I echo a lot of other food journalists who find our holiday lifestyle reporting trivial in light of last week’s election and its aftermath. I stand by pieces like “where to host your holiday party” and “what to get the pet owner in your life,” but they can easily seem frivolous and uncomfortably out of out of touch in this political climate.

Chances are that the election will be the looming elephant in the dining room if not the main event. If you’re like me, then you’re much less concerned about crafting showstopping side salads than about holding a conversation with friends and family who hold different and equally passionate views. How can we be together in such a divisive time? How do I maintain my own decency when emotions run high? How might we come to a mutual understanding and respect for each other’s beliefs? 

I’m of course no therapist, but alongside some hosting hacks, the most important and sincere Thanksgiving advice I can muster ran in the New York Times a couple years back in a piece entitled “Crisis Negotiators Give Thanksgiving Tips.” The title might seem overwrought, but the guidance from FBI senior negotiators is insightful. Some highlights:

  • “‘Just shut up and listen,’ says Frederick J. Lanceley, the FBI’s former senior negotiator and former principal director of its negotiation course… ‘People want to be heard. They want the attention.’”
  • “Jennifer Higby, a detective with the Department of Public Safety in Kalamazoo, Michigan, and a board member of the Michigan Association of Hostage Negotiators, concurs with Mr. Voss. ‘Say you’re sorry when you’re not sorry,’ she says. ‘Let bygones be bygones. I lost my dad to cancer 18 months ago. You just never know when the last time you’re going to see someone is.’”
  • Gary Noesner, the author of the memoir Stalling for Time: My Life as an FBI Hostage Negotiator, says: ‘You have to find creative ways to say, ‘I really appreciate your point of view, and it’s great to have an opportunity to hear how strongly you feel about that, but my own view is different.’ Try to find ways to acknowledge what they’re saying without agreeing or disagreeing with it.’”
  • Is lying ever necessary?
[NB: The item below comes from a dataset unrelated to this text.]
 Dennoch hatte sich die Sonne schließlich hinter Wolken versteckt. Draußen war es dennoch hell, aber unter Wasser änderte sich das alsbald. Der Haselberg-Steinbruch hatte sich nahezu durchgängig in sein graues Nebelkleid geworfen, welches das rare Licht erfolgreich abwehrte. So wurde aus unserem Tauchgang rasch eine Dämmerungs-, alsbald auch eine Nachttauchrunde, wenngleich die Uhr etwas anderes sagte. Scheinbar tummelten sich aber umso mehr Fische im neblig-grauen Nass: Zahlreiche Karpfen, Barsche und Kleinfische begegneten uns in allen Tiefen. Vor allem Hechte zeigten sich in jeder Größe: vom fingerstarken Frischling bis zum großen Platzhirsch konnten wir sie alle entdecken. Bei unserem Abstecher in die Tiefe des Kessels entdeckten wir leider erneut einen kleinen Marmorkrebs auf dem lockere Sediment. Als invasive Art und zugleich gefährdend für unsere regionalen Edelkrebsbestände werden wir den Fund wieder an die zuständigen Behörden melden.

Jennifer Hardwich, a police officer with the Syracuse Police Department and a regional vice president of the New York Association of Hostage Negotiators, says: ‘Instead of lying, we call it minimizing. You try to get people to think that a situation isn’t so bad, you break it down for them so they see that it isn’t the end of the world, that maybe they don’t need to make such a big deal of it. We try to reframe things rather than flat-out lie.’”
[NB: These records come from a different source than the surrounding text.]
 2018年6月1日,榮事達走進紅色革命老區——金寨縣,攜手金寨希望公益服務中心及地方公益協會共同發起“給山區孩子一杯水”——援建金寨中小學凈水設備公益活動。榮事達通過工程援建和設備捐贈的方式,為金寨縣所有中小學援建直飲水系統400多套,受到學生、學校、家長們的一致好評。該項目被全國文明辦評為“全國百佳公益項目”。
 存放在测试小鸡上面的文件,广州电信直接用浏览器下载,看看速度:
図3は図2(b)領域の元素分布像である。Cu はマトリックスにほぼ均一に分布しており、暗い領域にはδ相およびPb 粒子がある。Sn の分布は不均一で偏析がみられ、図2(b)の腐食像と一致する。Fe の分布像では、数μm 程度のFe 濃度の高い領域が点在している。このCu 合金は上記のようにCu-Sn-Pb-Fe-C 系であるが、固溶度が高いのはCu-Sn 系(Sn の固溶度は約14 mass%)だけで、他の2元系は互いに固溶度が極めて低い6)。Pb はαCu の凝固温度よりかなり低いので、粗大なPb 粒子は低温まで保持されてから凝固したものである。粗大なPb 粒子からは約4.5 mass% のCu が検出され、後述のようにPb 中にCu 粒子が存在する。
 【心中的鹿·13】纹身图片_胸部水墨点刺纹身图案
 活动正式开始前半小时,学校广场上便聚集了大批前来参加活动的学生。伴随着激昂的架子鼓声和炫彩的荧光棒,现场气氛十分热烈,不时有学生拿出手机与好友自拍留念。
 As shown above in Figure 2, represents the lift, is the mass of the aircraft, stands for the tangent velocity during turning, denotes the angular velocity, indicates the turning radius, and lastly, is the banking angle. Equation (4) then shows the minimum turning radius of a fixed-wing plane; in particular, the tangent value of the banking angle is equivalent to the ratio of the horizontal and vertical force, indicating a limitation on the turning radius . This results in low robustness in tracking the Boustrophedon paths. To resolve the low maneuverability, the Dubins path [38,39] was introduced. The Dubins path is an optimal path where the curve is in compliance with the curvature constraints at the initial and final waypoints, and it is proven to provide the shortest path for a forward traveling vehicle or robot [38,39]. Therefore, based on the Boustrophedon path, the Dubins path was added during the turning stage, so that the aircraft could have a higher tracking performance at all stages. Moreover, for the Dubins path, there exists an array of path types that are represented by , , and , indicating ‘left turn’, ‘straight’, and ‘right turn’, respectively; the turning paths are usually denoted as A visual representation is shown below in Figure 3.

If I had to add anything to the piece, it’d be a discussion of empathy, which is something we should all be open to. The dinner table is as good of a setting as any to listen and sit with ideas we might not personally accept. Read the whole piece for more tips and context, and it goes without typing that this advice isn’t just Thanksgiving relevant—I plan to apply it to any dialogue with which I don’t agree.